The non-missing observations can be calculated using the attriute df.residual of the regression model. You just have to add 2 to this value since the degrees of freedom of the regression residual is N-2, where N is the number of non-missing observations.

Test your function with at least 2 stocks (select any stocks you want), and use the correct market index. Display the vectors and INTERPRET the result of the beta coefficients of only ONE stock.

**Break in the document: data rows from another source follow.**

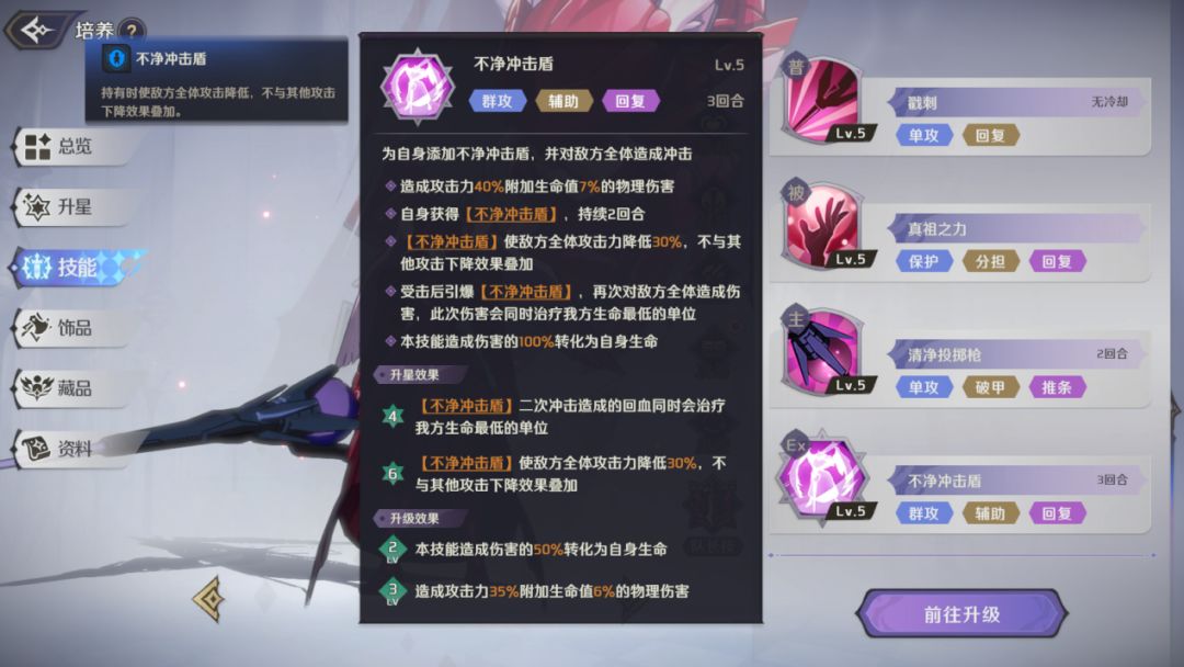 防御型技能,冷却3回合,为自身添加不净冲击盾,同时对敌方全体进行攻击。自身拥有不净冲击盾时,受攻击后引爆【不净冲击盾】,再次对敌方全体进行冲击。技能2级时,本次伤害的50%将转化为自身生命值,技能5级时,转化比例为100%,4星时,还会对我方生命值最低的单位造成治疗,6星时,使敌方全体攻击力下降30%。
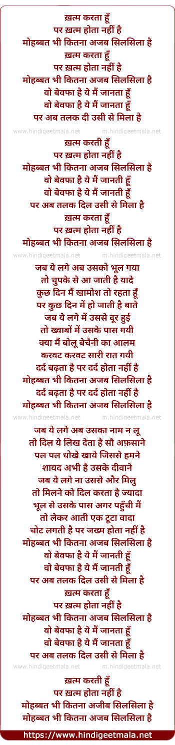 Lyrics of Khatam Karta Hu Par Khatam Hota Nahi - ख़त्म करता हूँ
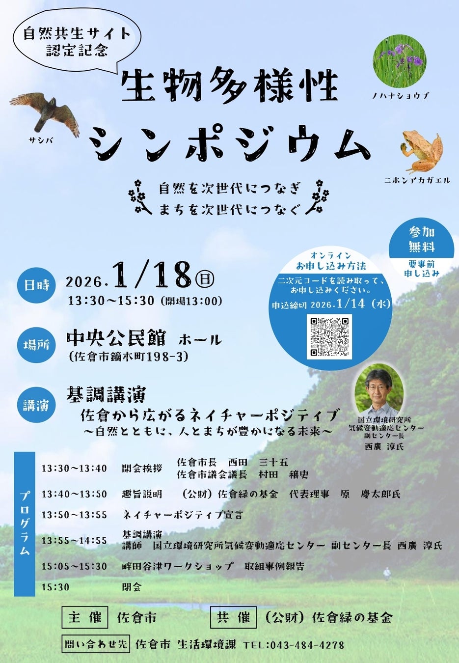 来年1月18日、千葉県佐倉市で『生物多様性シンポジウム~自然を次世代につなぎ、まちを次世代につなぐ~』を開催します。

2.1 Solution to Challenge 1

I define the function to run a market regression model. I first identify the inputs, outputs and the process needed to get the output:

The inputs of the function: 1) a vector/column of stock cc returns, 2) a vector/column of market ret

The output of the function: 1) a vector with the following results: + beta0 + standard deviation of beta0 + p-value of beta0 + beta1 + standard deviation of beta1 + p-value of beta1 + number of non-missing observations

Processes/tasks of the function

  1. Calculate Betas:

    • Run the regression model with lm function
    • Get/identify where to find the betas, std errors and p-values
    • Get the valid non-missing observations
  2. Create/fill-out a vector with the beta results and the # of non-missing observations

  3. Return this vector

Here is the function:

# I first clean my environment:
rm(list=ls())

mktmodel <-function(stockret,mktret) {
# I run the market regression model with the lm function:
  model<-lm(stockret ~ mktret)
# I save the summary of the model:  
  sm<-summary(model)
# The summary of the regression model contains the coefficients matrix where 
#   the beta coefficients and their standard errors, pvalues and tvalues are stored.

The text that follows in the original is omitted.